== Task prompt ==
Below, find the line containing "Asweets Wooden Stackable" and the line containing "北京奧運會羽毛球冠軍於洋擔任"; reproduce exactly those two and every line between them, omitting pictures.

== Recorded information ==
--------------------

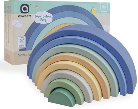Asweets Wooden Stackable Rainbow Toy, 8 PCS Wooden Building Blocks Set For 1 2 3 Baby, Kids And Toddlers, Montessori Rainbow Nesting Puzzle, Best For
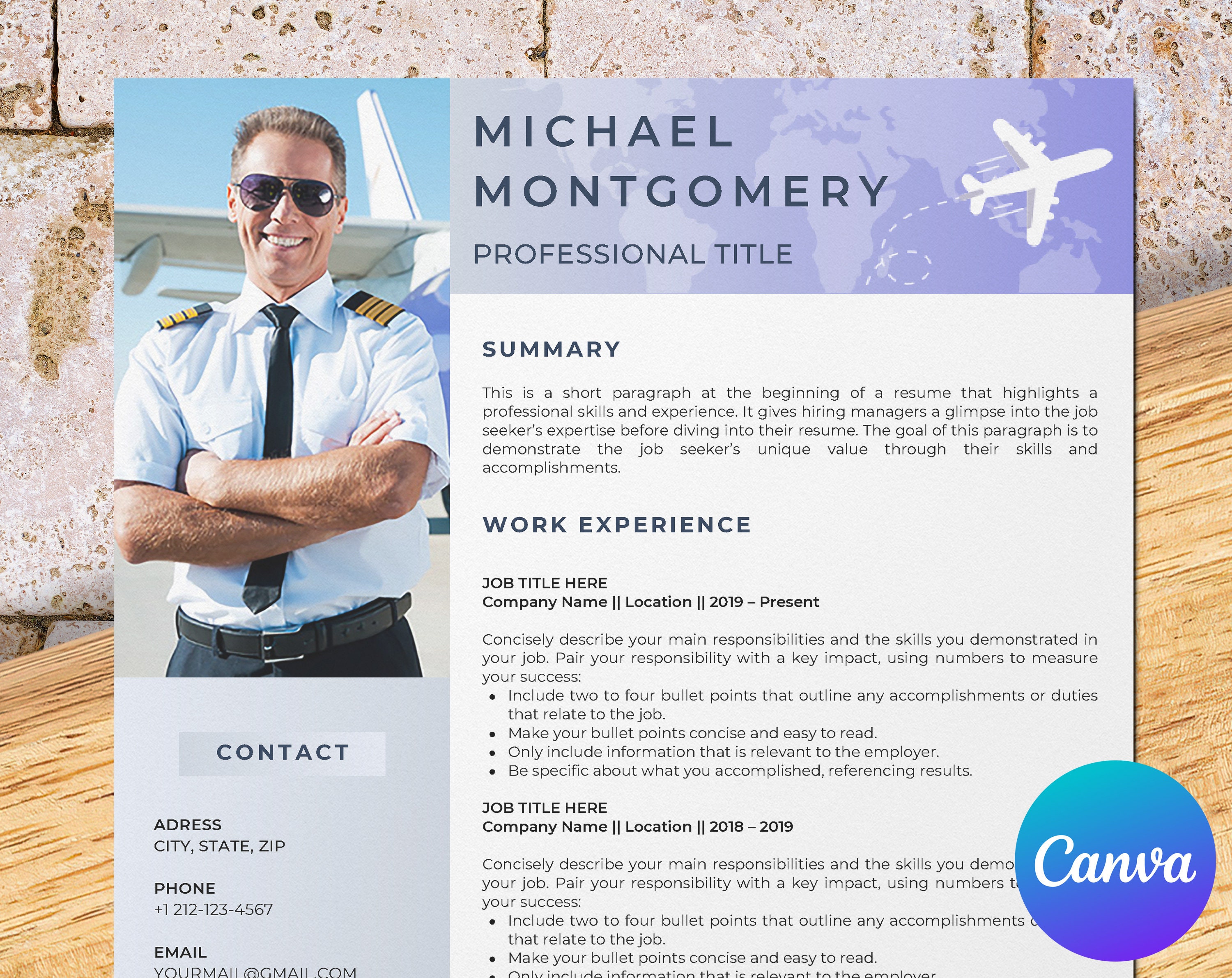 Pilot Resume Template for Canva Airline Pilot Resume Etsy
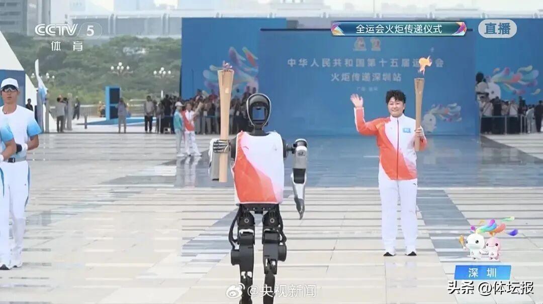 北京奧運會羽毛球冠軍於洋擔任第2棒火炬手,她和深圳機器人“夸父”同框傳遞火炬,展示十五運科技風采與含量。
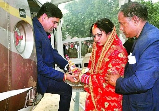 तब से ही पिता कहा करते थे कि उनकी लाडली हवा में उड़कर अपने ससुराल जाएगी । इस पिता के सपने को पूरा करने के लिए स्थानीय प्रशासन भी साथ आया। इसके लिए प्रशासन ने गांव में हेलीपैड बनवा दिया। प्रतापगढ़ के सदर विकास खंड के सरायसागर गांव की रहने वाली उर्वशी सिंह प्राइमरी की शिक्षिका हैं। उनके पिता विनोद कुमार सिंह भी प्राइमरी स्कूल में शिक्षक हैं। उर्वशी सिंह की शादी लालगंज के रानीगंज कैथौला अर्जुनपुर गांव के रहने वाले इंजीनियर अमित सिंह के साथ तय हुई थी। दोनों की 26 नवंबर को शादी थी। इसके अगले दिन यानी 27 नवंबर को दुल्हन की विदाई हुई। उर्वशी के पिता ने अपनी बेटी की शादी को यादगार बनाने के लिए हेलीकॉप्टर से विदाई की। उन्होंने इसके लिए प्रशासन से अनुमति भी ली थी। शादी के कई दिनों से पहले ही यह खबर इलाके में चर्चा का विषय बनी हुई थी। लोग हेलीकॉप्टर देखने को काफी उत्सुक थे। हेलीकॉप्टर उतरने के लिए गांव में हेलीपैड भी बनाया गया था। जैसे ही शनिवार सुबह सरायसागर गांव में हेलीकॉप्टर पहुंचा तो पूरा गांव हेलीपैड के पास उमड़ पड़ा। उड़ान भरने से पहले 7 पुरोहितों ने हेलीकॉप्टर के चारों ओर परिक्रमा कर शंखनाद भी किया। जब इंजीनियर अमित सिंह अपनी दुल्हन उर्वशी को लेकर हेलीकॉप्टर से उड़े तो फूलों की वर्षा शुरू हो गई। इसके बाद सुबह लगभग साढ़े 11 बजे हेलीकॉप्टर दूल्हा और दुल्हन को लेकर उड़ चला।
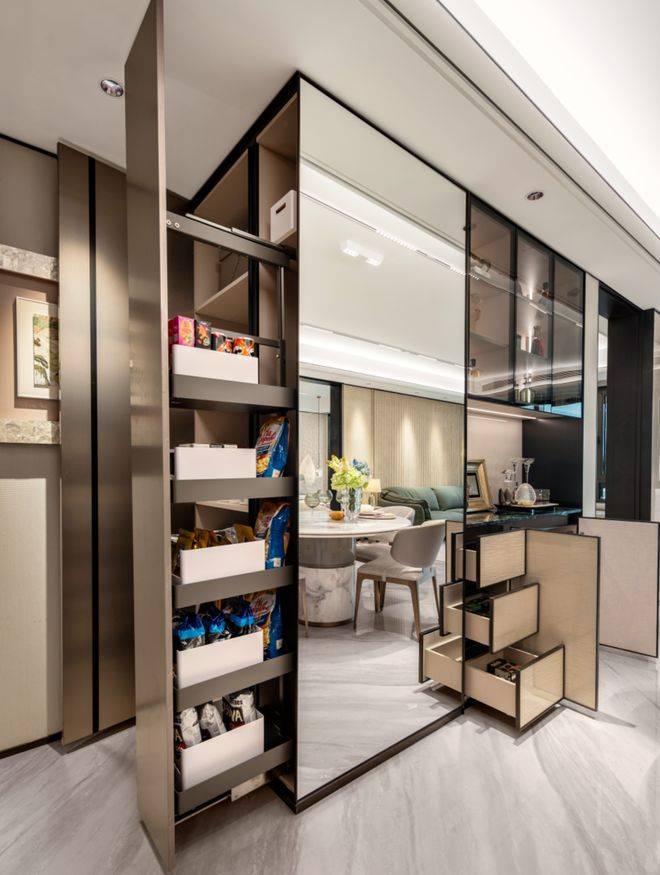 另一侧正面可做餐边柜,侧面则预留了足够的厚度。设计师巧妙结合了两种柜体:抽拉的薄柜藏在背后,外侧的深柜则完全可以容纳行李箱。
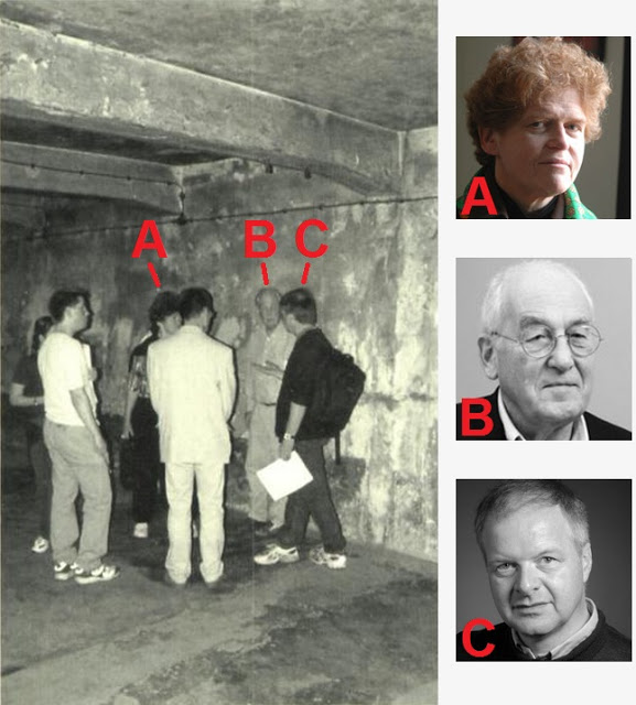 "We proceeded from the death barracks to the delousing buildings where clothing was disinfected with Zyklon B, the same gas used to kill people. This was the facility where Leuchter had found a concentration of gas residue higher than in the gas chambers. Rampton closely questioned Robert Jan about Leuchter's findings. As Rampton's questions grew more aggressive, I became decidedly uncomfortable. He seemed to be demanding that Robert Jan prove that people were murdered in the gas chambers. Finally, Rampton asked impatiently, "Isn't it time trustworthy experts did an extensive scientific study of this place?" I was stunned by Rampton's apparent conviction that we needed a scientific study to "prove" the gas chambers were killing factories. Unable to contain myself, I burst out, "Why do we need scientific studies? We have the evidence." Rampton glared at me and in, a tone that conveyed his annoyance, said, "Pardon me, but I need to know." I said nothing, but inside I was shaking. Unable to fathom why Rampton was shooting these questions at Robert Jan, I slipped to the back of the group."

--------------------

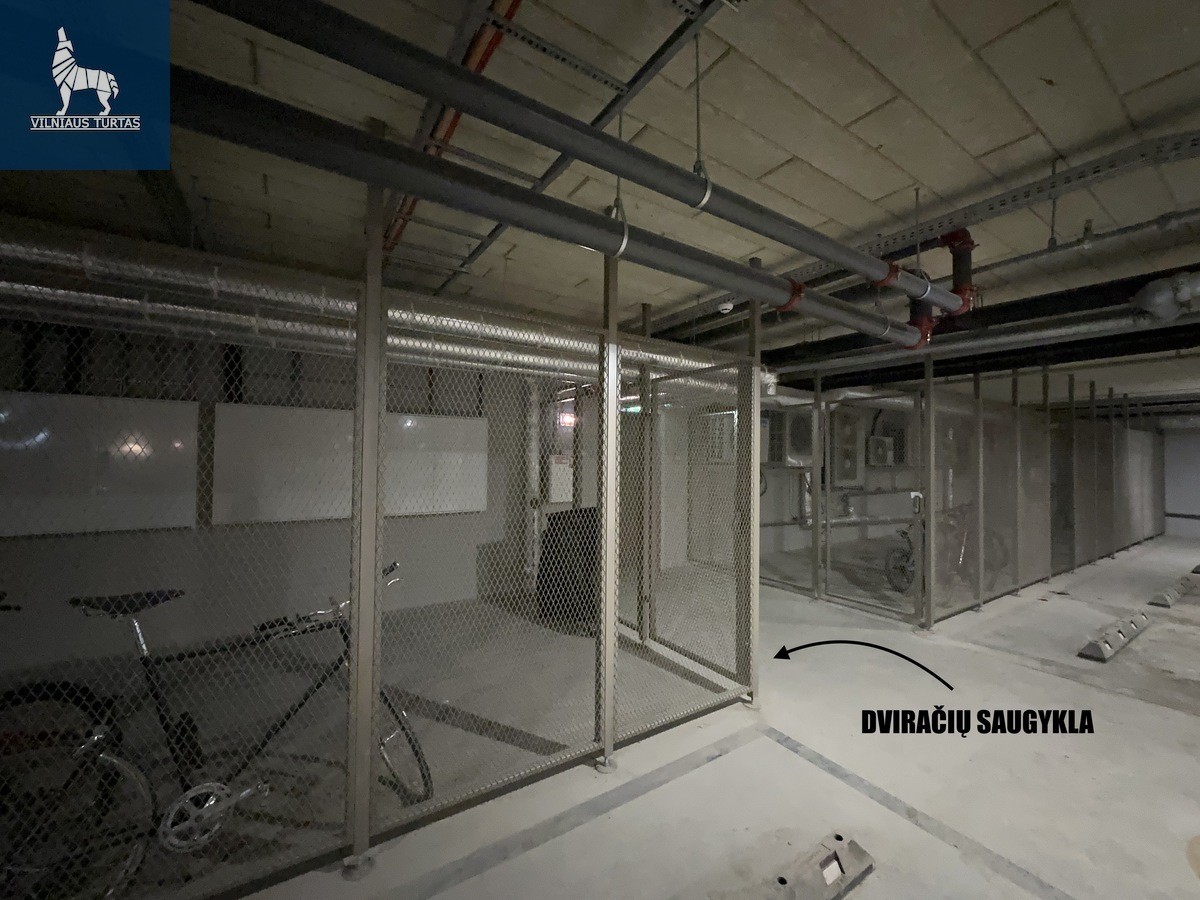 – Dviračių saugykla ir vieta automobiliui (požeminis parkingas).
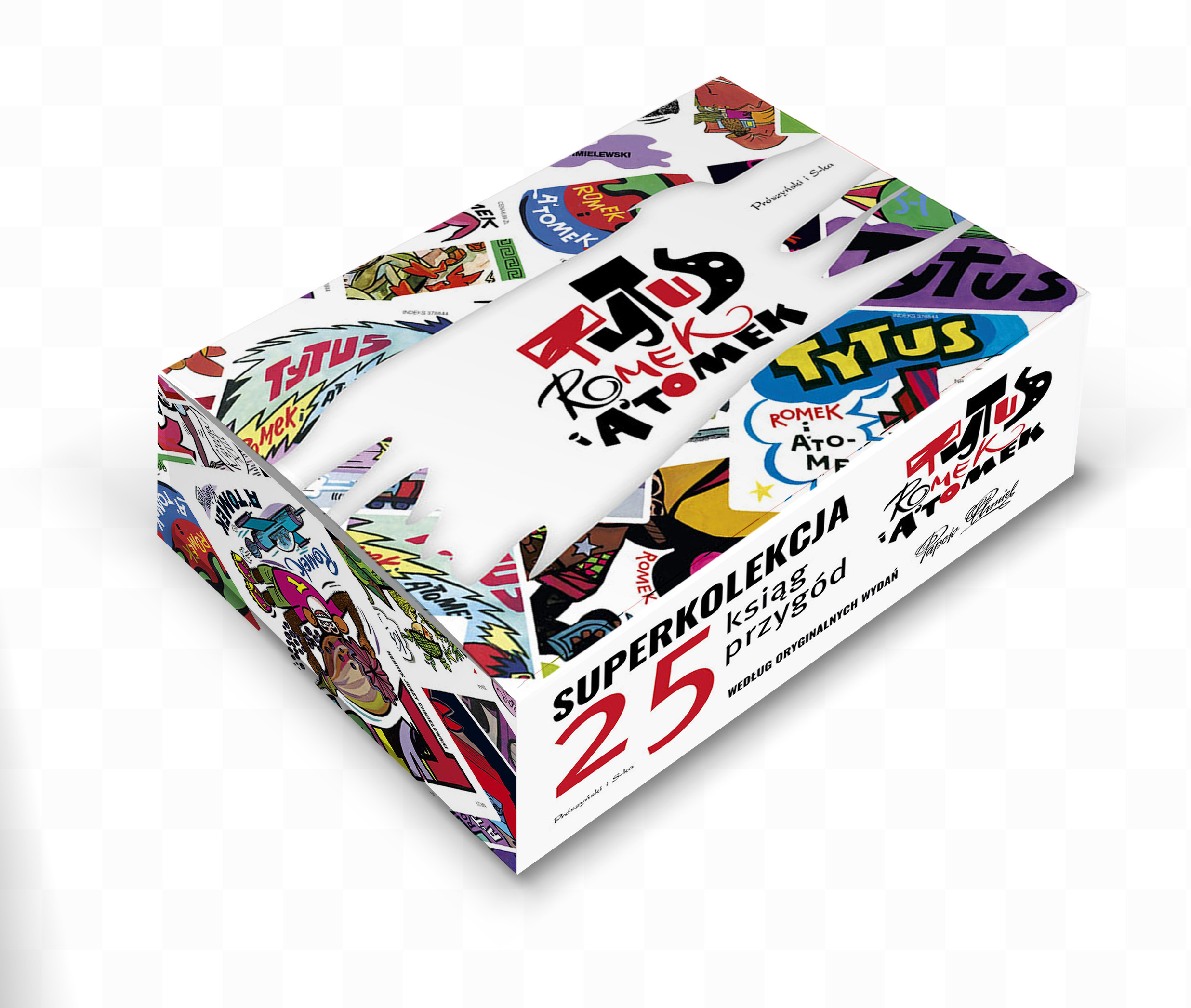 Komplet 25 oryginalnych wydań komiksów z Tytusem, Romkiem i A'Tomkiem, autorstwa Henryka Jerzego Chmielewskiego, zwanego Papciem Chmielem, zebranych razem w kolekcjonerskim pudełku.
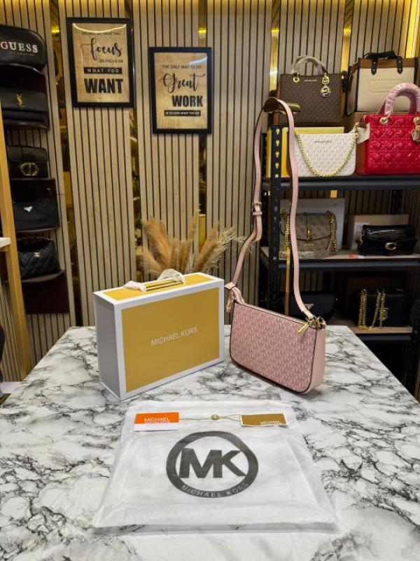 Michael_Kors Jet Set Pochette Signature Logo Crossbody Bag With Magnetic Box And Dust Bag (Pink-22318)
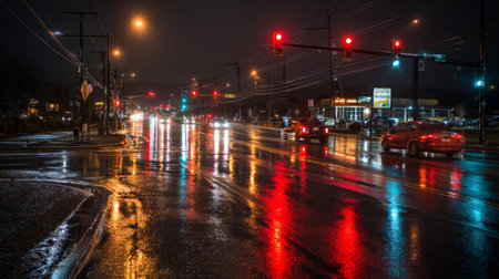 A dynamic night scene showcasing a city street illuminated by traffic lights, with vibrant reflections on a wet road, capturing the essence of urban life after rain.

--------------------

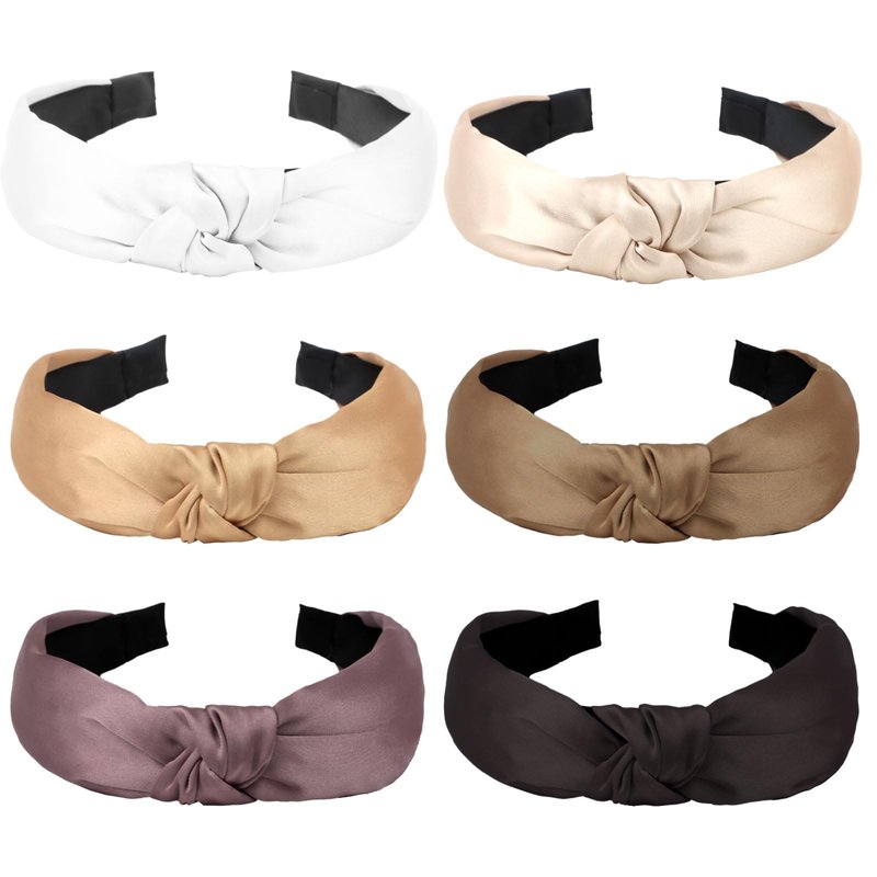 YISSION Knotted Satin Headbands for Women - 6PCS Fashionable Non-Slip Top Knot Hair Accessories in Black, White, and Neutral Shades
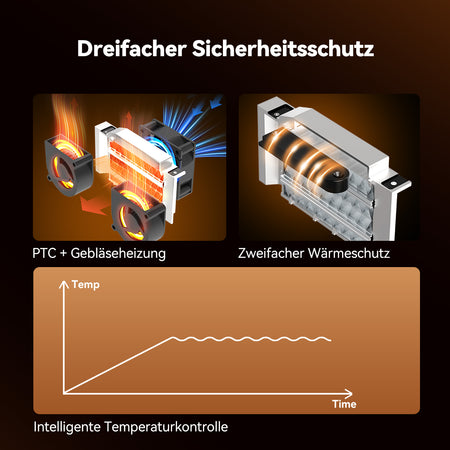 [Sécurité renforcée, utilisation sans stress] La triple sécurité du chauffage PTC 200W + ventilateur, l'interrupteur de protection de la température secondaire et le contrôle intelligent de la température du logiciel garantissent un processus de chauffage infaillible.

--------------------

== Answer to this exercise ==
Asweets Wooden Stackable Rainbow Toy, 8 PCS Wooden Building Blocks Set For 1 2 3 Baby, Kids And Toddlers, Montessori Rainbow Nesting Puzzle, Best For
 Pilot Resume Template for Canva Airline Pilot Resume Etsy
 北京奧運會羽毛球冠軍於洋擔任第2棒火炬手,她和深圳機器人“夸父”同框傳遞火炬,展示十五運科技風采與含量。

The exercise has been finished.